(GIVEN DATA)
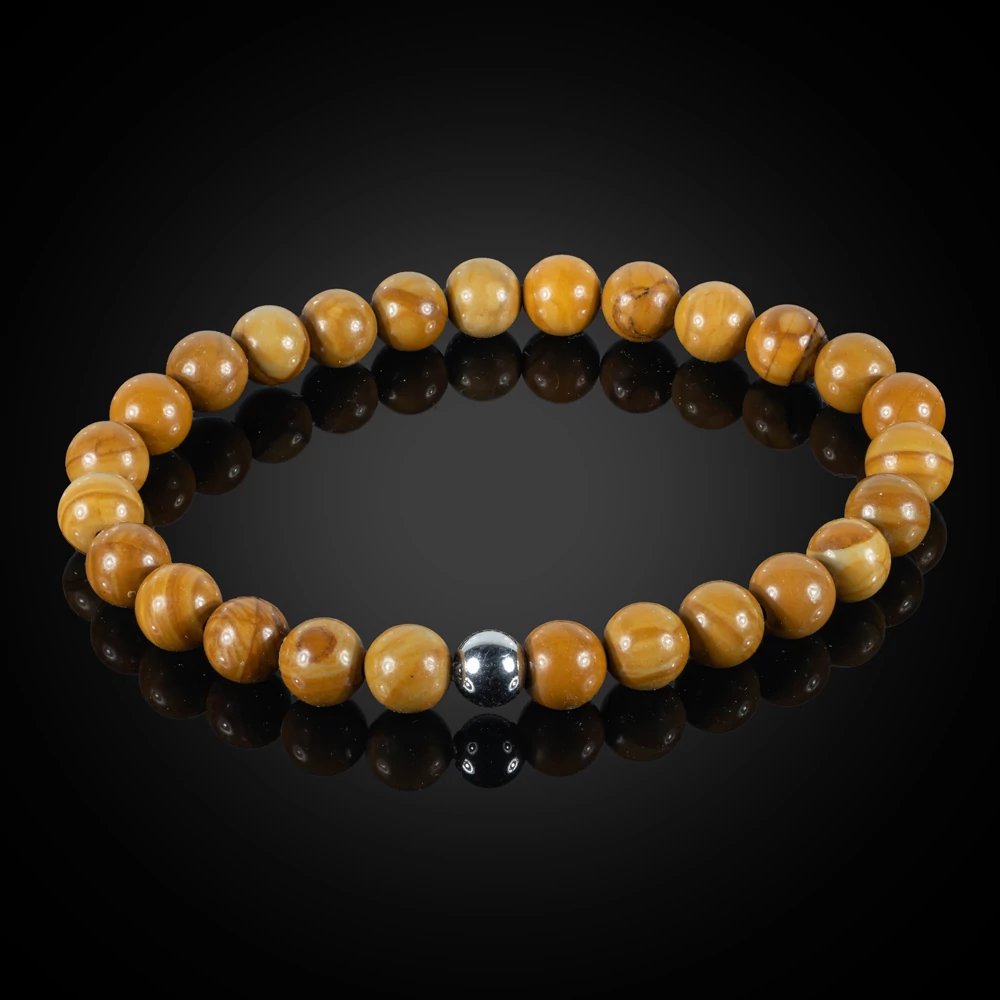 Termék paraméterei: 6 mm-es gyöngyökből készült rugalmas, woodlace achát karkötő, egyedileg választható nemesacélos fémalkatrésszel, több méretben. A fém golyók mérete: 6 mm, a "kocka" mérete: 5×5 mm, melyek közül 1 db választható. Ezek funkciója a gumidamil elkötéséből keletkező csomó eltakarása, a karkötő egyediségének fokozása. Amennyiben nem kerül kiválasztásra a fém és a karkötő mérete, abban az esetben egy átlag 18 cm-es karkötőt küldünk, a fényes (1. számú) nemesacélos golyóval.
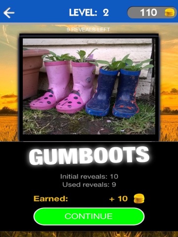 Reveal the quality images by tapping each square and receive gold coins for correct answers. Use your gold coins to pay for extra taps, reveal letters or remove letters to make solving the puzzle easier.
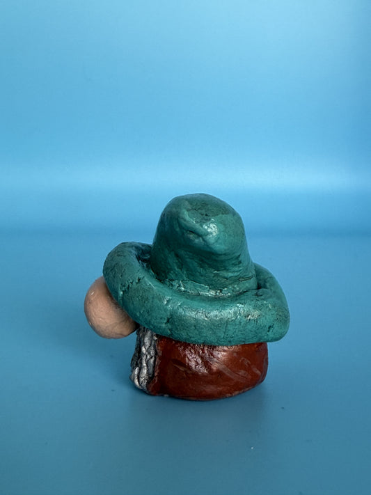 Desk Buddy Gnome with Aqua Hat and Brown Robes, 1.5-Inch Clay Figure
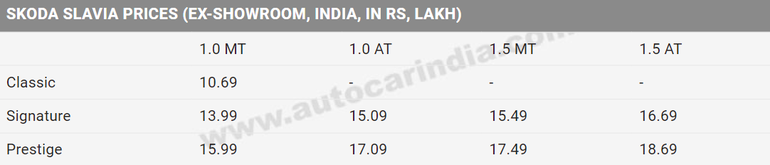 The Slavia Active variant, which was the entry point to the midsize sedan’s range, was priced at Rs 11.63 lakh. However, the new Slavia Classic trim brings the entry-level price down by Rs 94,000 to Rs 10.69 lakh. Meanwhile, even prices for the range-topping Slavia have reduced by a considerable amount. The new Prestige variant (Rs 15.99 lakh to Rs 18.69 lakh) undercuts the previous top-spec Style Elegance trim (Rs 17.53 lakh to Rs 18.93 lakh), although the latter was only available with the larger 1.5-litre turbo-petrol engine.
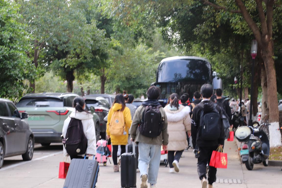 会后,学院安排专车将同学们送往考场,方便同学们熟悉考场,尽早进入考试状态。
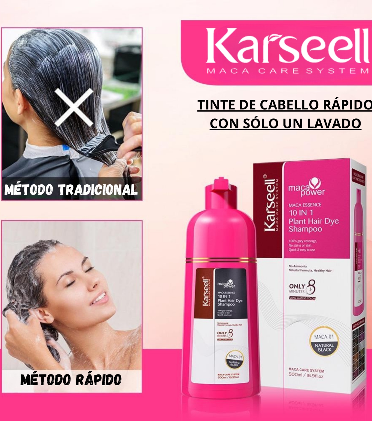 The Karseell 10-in-1 Hair Color Shampoo covers gray hair quickly and naturally while nourishing and strengthening the hair.
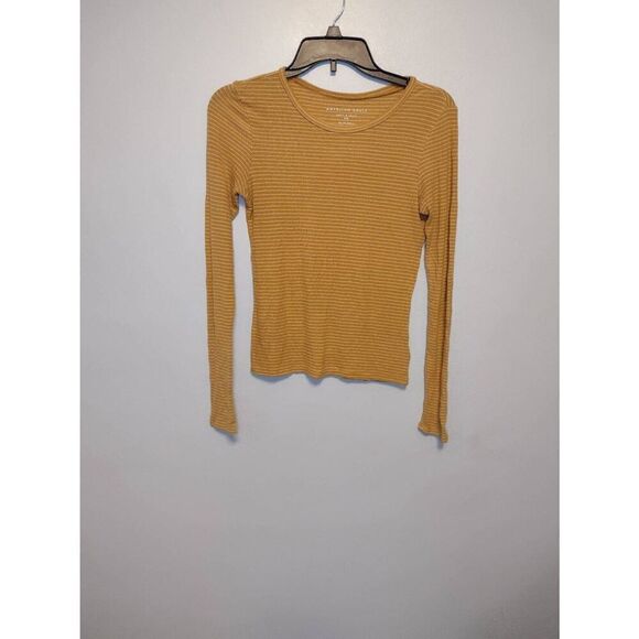 American Eagle size XS Soft & Sexy Rib Mustard Yellow White Stripe Shirt
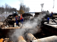 37 домов в центральной части города Вологды остались без горячей и холодной воды, в связи с крупной аварией на перекрестке ул. Ленинградская – Благовещенская. Причиной стал прорыв, который ликвидируют специалисты «Вологдагорводоканала».
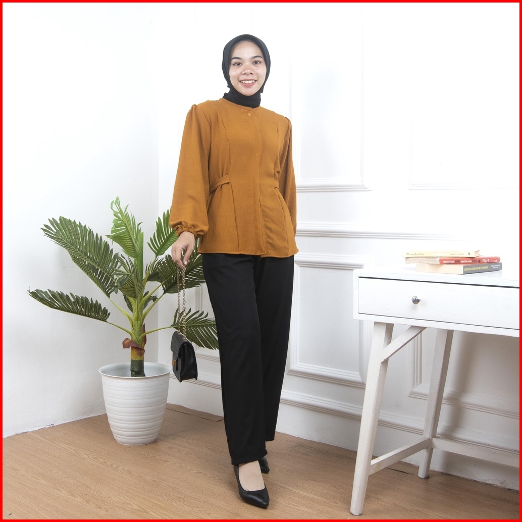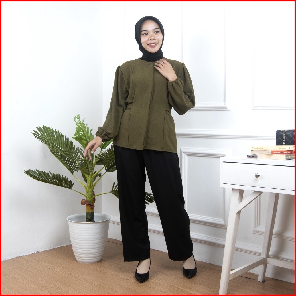 Blouse Kemeja Wenna Atasan Wanita Crincle Airflow Lengan Balon Full Kancing
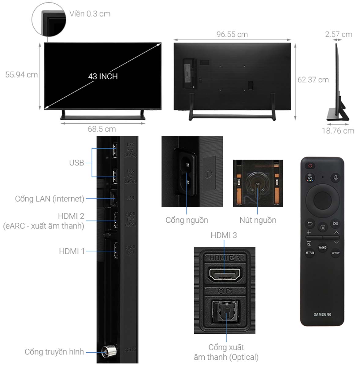 | Kích thước không chân, treo tường | 965.5 x 559.4 x 25.7 mm (RxCxD) |
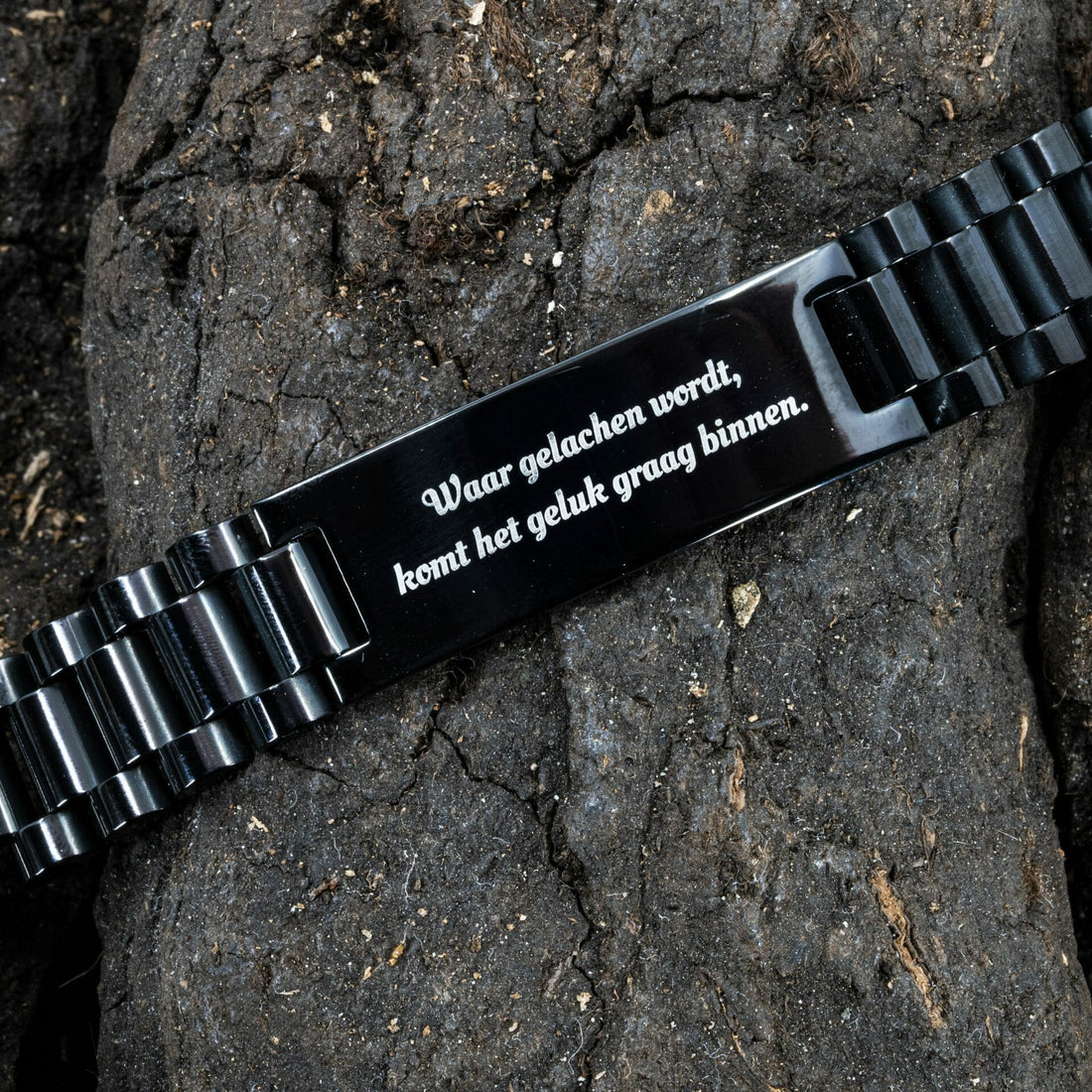 Magneet Armband - Black carbon + eigen tekst of symbool
(End GIVEN DATA)
**WHAT NEEDS TO BE DONE**
Word for word, print out all of the records above; pass over the pictures.

**RESPONSE**
 Termék paraméterei: 6 mm-es gyöngyökből készült rugalmas, woodlace achát karkötő, egyedileg választható nemesacélos fémalkatrésszel, több méretben. A fém golyók mérete: 6 mm, a "kocka" mérete: 5×5 mm, melyek közül 1 db választható. Ezek funkciója a gumidamil elkötéséből keletkező csomó eltakarása, a karkötő egyediségének fokozása. Amennyiben nem kerül kiválasztásra a fém és a karkötő mérete, abban az esetben egy átlag 18 cm-es karkötőt küldünk, a fényes (1. számú) nemesacélos golyóval.
 Reveal the quality images by tapping each square and receive gold coins for correct answers. Use your gold coins to pay for extra taps, reveal letters or remove letters to make solving the puzzle easier.
 Desk Buddy Gnome with Aqua Hat and Brown Robes, 1.5-Inch Clay Figure
 The Slavia Active variant, which was the entry point to the midsize sedan’s range, was priced at Rs 11.63 lakh. However, the new Slavia Classic trim brings the entry-level price down by Rs 94,000 to Rs 10.69 lakh. Meanwhile, even prices for the range-topping Slavia have reduced by a considerable amount. The new Prestige variant (Rs 15.99 lakh to Rs 18.69 lakh) undercuts the previous top-spec Style Elegance trim (Rs 17.53 lakh to Rs 18.93 lakh), although the latter was only available with the larger 1.5-litre turbo-petrol engine.
 会后,学院安排专车将同学们送往考场,方便同学们熟悉考场,尽早进入考试状态。
 The Karseell 10-in-1 Hair Color Shampoo covers gray hair quickly and naturally while nourishing and strengthening the hair.
 American Eagle size XS Soft & Sexy Rib Mustard Yellow White Stripe Shirt
 37 домов в центральной части города Вологды остались без горячей и холодной воды, в связи с крупной аварией на перекрестке ул. Ленинградская – Благовещенская. Причиной стал прорыв, который ликвидируют специалисты «Вологдагорводоканала».
 Blouse Kemeja Wenna Atasan Wanita Crincle Airflow Lengan Balon Full Kancing
 | Kích thước không chân, treo tường | 965.5 x 559.4 x 25.7 mm (RxCxD) |
 Magneet Armband - Black carbon + eigen tekst of symbool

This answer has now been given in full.